Balancing the scales?
On August 26, 1998, Jeremy Gross robbed a convenience store. He had worked there part time, and knew the clerk, 24-year-old Christopher Beers. There was little finesse to the robbery. Gross and an accomplice marched into the store, and Gross shot Beers in the chest and stomach, then followed him into the back office and shot him in the face as Beers pleaded, "Why, Jeremy, why?" Gross told him to shut up. After the two robbers fled, Beers managed to stand up and shuffle over to a pay phone, where he collapsed and died.
All of this was captured by the store's surveillance cameras, and after viewing it, the prosecutor announced that "there isn't a jury in the world" who wouldn't impose the death penalty for the crime.

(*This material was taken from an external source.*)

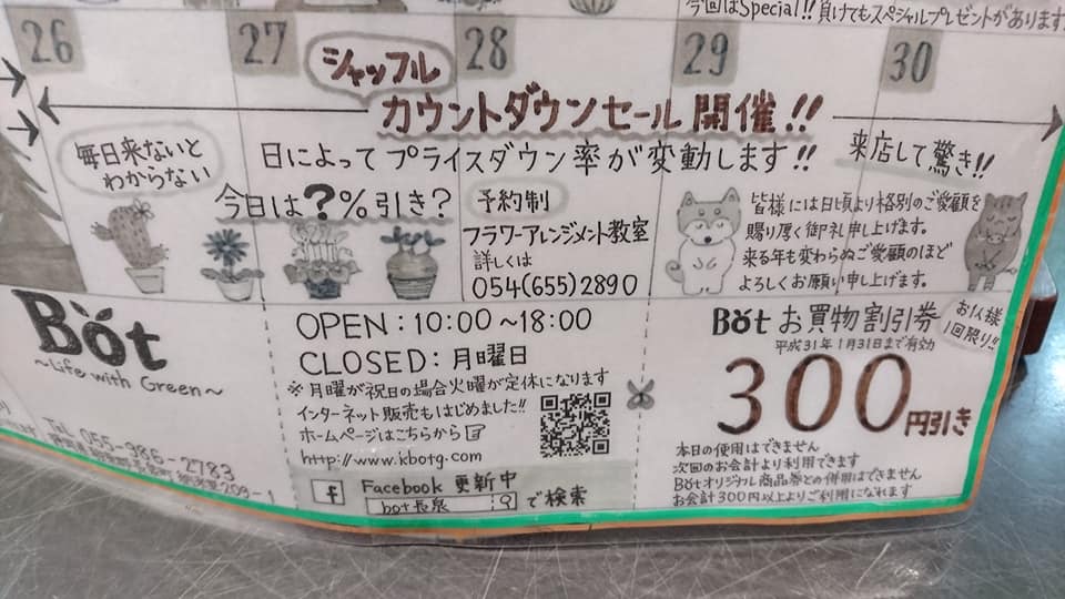 投稿日: 2018年12月26日2018年12月26日シャッフルカウントダウン開催 こんにちは今日も元気に営業しています。クリスマスも過ぎあと数日でおしょうがつですね!本日よりシャッフルカウントダウン開催!!毎日変動するので毎日来店しないとわからない驚きのプライスでお待ちしています。

That didn't happen, and Alex Kotlowitz's story about the case five years ago in the New York Times Magazine is a classic recounting of how defense attorneys use mitigation experts and evidence to gain life sentences in cases where death would have been the inevitable result just a decade ago.
But there's a flip side to that, it turns out. Sara Weir was only 19 years old when she was raped and murdered. Douglas Kelly, her killer, was easily convicted, but the salient legal issue emerged during the penalty phase, where, as the defense brief explained, the prosecution introduced
a twenty-minute videotape prepared and narrated by the nineteen-year-old victim's mother, consisting of a montage of dozens of still photographs and video clips depicting the victim's life from infancy to the time of her death, closing with a shot of her grave and stock footage of horsemen riding through the countryside where she was born, described by her mother as "the kind of heaven where Sara belongs," and set to the music of the artist, Enya.
Up until 1991, the Supreme Court banned victim impact testimony in death penalty cases for fear that they might have an unduly prejudicial effect. That changed in Payne v. Tennessee, where the Court held that such evidence was permissible to give the jury "a quick glimpse of the life petitioner chose to extinguish, to remind the jury that the person whose life was taken was a unique human being."
Since then, there have been decisions on victim impact testimony all over the lot. A video of the victim's family at a Christmas gathering was okay, as was a video of the victim playing with his children. A 27-minute video accompanied by "evocative music" was too much, though, and a Texas court held that a 17-minute video montage exceeded Payne's limits, too, noting that "the punishment phase of a criminal trial is not a memorial service for the victim."
In fact, whether the video meets constitutional muster sometimes depends upon the musical choices of the videographer. The "evocative music" in that 27-minute video was songs by the Beatles and James Taylor. The court in that case, though, had described the music as "stirring," and that was enough distinction for the California Supreme Court in Kelly, noting that in contrast the Enya music was "generally soft, not stirring," with most of the words unrecognizable.
Turns out Enya doesn't get a free pass: she'd also been one of the featured artists on the 17-minute video that the Texas court rejected. She may not be the real culprit, though; the video concluded with Celine Deion's "My Heart Will Go On," from the Titanic soundtrack.
No, I am not making that up.
Now, it may be that an argument could be made that this is simply leveling the playing field. After all, if the defense can introduce all kinds of evidence about the defendant's childhood and family, why shouldn't the prosecution be able to introduce all kinds of evidence about the victim?
There are a couple of problems with that approach, though. The first is that it injects into the calculus of capital punishment the idea that some victim's lives are worth more than others. Would Douglas Kelly be less deserving of death if he'd chosen to rape and murder a 37-year-old crack whore instead? If he had, do you think her mother would have been able to put together a 20-minute video?
The other problem is that it introduces more arbitrariness into a system in which arbitrariness is the key problem. As one commentator noted, the death penalty isn't inflicted on the worst of the worst, it's imposed on the unluckiest of the unlucky. Bad lawyers or bad judges or bad juries are going to do in more defendants than bad facts.
So on top of that you're going to add another layer, where whether death results might depend upon the creative skills of the victim's family and, indeed, the wisdom of their music choices.
It's going to be a while before this gets straightened out. Kelly had petitioned the Supreme Court for review, giving them the first opportunity to take another look at this since Payne came down 17 years ago. Last week, the Court denied certiorari, with three judges -- one fewer than necessary to grant review -- dissenting.